Problem description
For the listing below, output exactly the lines from the line with "3d padlock secure" up to and including the line with "닌텐도 예상보다 잘팔려서", and no other lines.
Start of Exercise material
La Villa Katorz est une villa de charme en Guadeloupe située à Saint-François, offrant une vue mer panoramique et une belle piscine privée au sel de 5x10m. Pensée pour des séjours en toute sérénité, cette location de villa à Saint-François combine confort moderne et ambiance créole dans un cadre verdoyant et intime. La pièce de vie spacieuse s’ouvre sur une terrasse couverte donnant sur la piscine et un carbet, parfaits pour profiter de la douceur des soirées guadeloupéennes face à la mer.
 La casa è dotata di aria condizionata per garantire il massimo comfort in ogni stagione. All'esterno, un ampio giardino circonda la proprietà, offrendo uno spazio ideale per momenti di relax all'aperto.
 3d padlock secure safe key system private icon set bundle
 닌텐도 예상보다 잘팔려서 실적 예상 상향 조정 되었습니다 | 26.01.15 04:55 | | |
End of Exercise material
Start of Exercise material
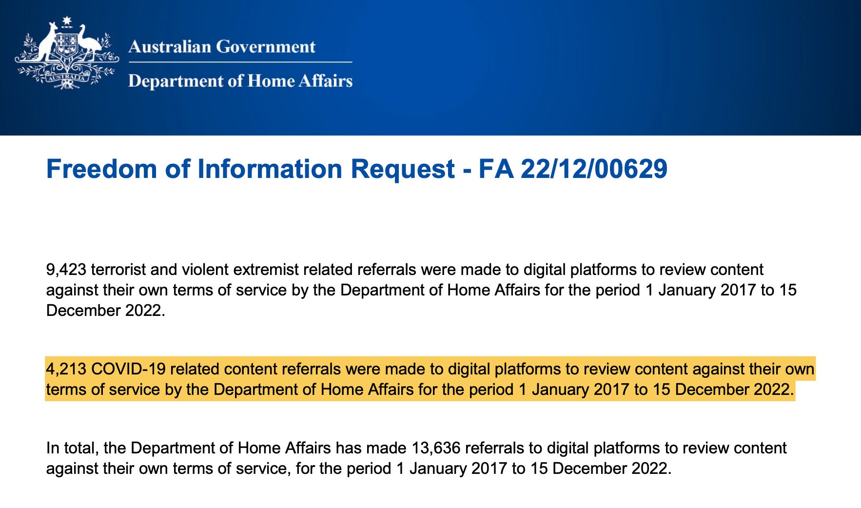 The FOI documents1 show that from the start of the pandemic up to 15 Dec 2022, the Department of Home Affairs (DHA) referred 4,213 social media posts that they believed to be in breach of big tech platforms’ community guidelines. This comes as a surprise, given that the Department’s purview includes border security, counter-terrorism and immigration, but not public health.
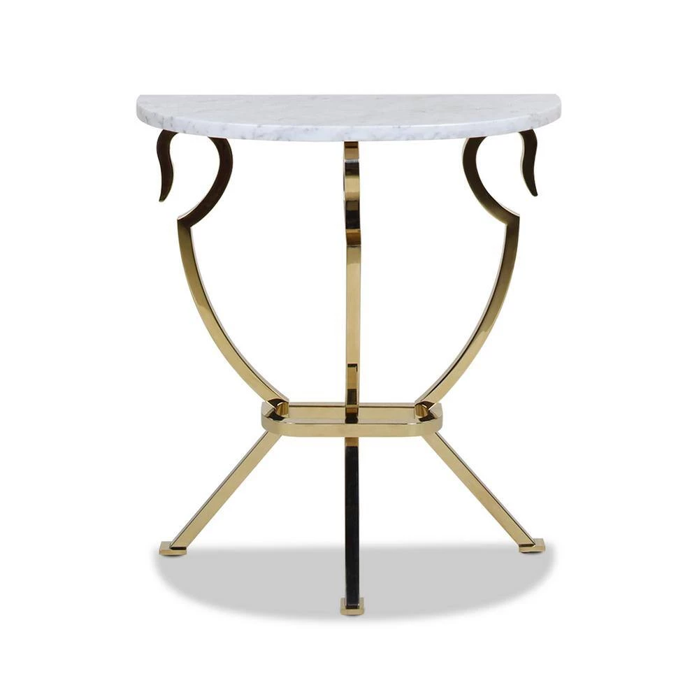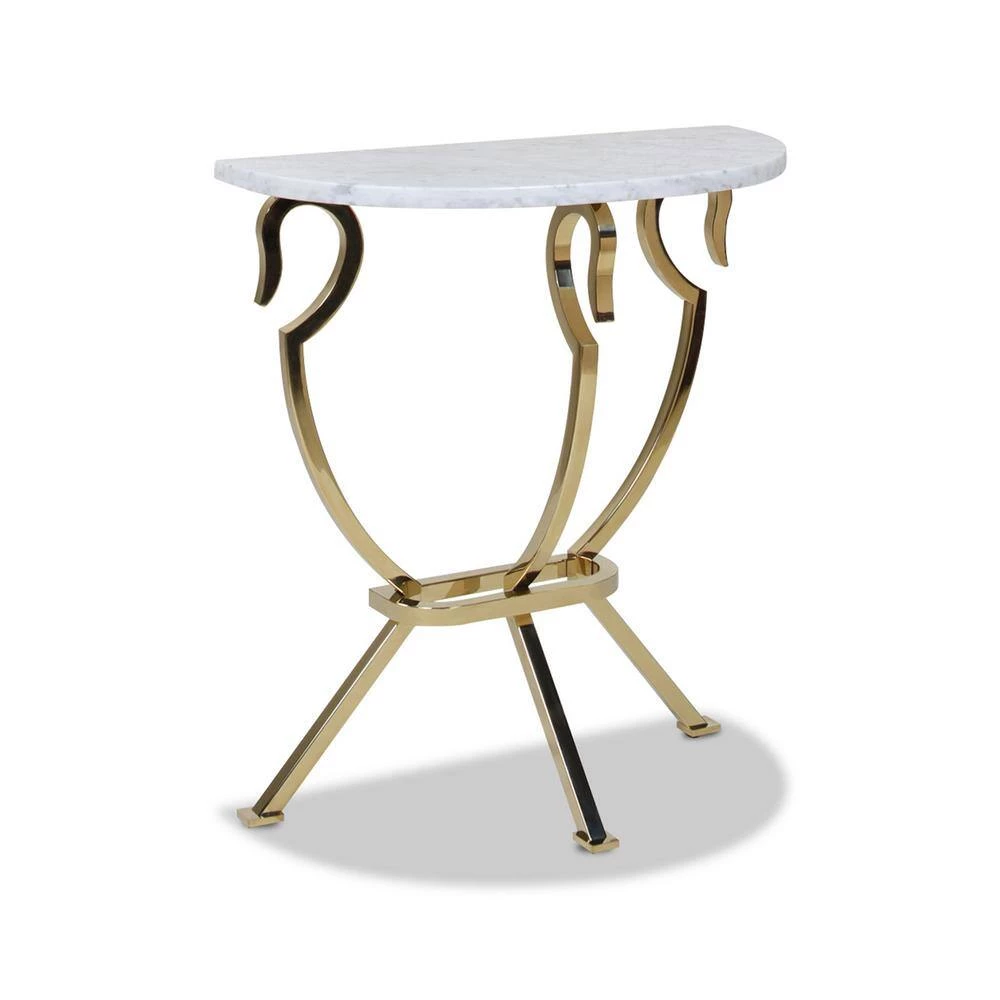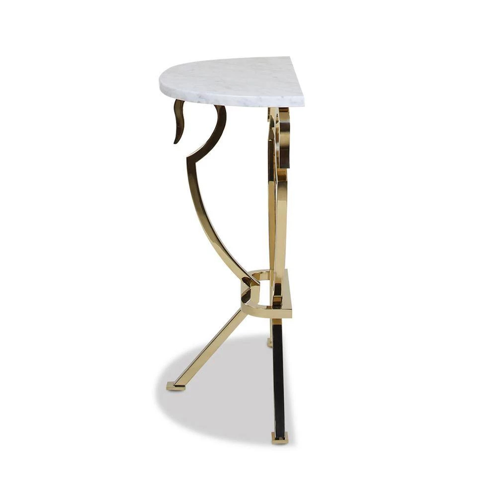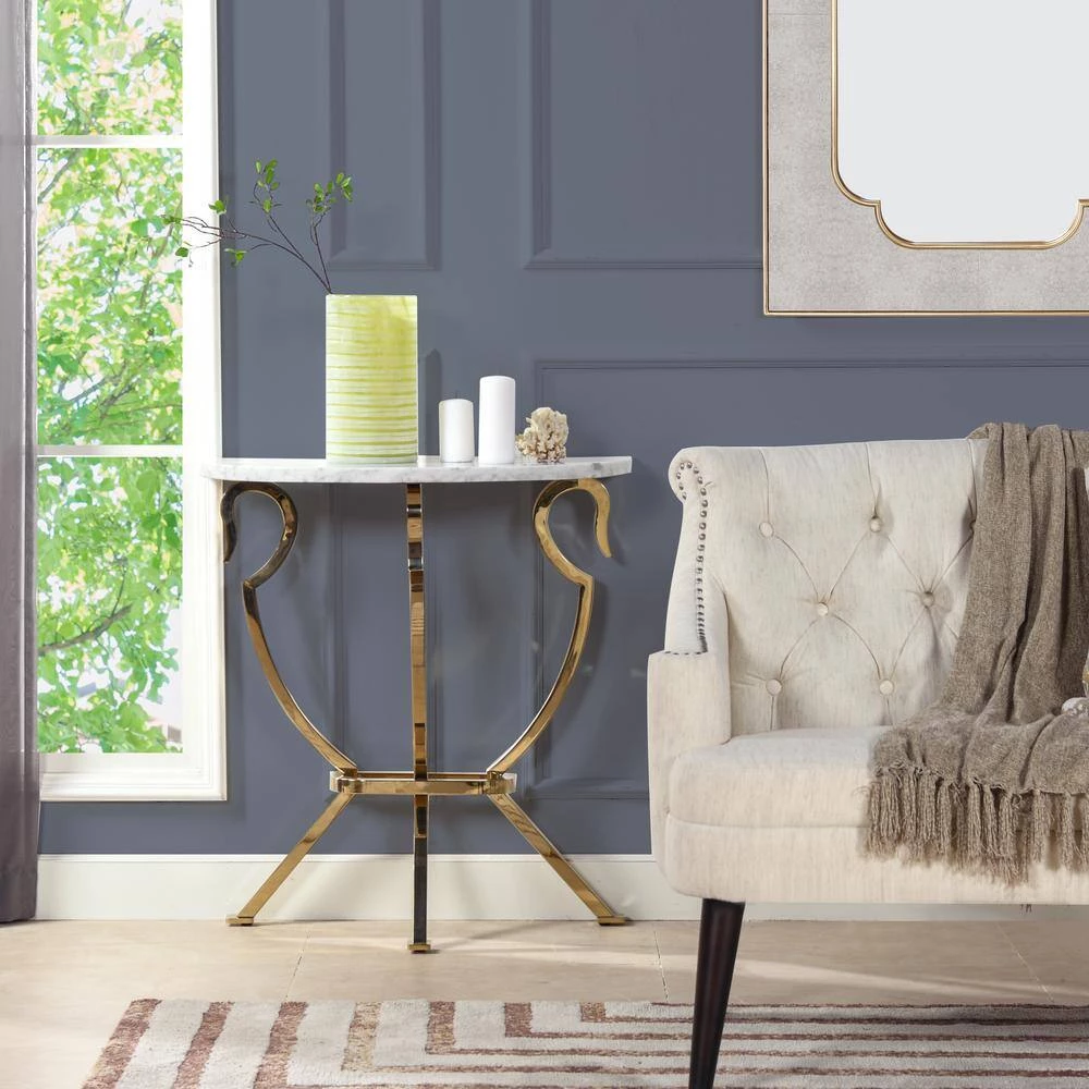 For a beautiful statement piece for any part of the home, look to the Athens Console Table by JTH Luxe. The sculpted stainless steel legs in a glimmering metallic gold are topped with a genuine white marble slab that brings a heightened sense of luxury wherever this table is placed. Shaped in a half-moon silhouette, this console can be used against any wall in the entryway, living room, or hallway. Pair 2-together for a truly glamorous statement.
End of Exercise material
Exercise response
 3d padlock secure safe key system private icon set bundle
 닌텐도 예상보다 잘팔려서 실적 예상 상향 조정 되었습니다 | 26.01.15 04:55 | | |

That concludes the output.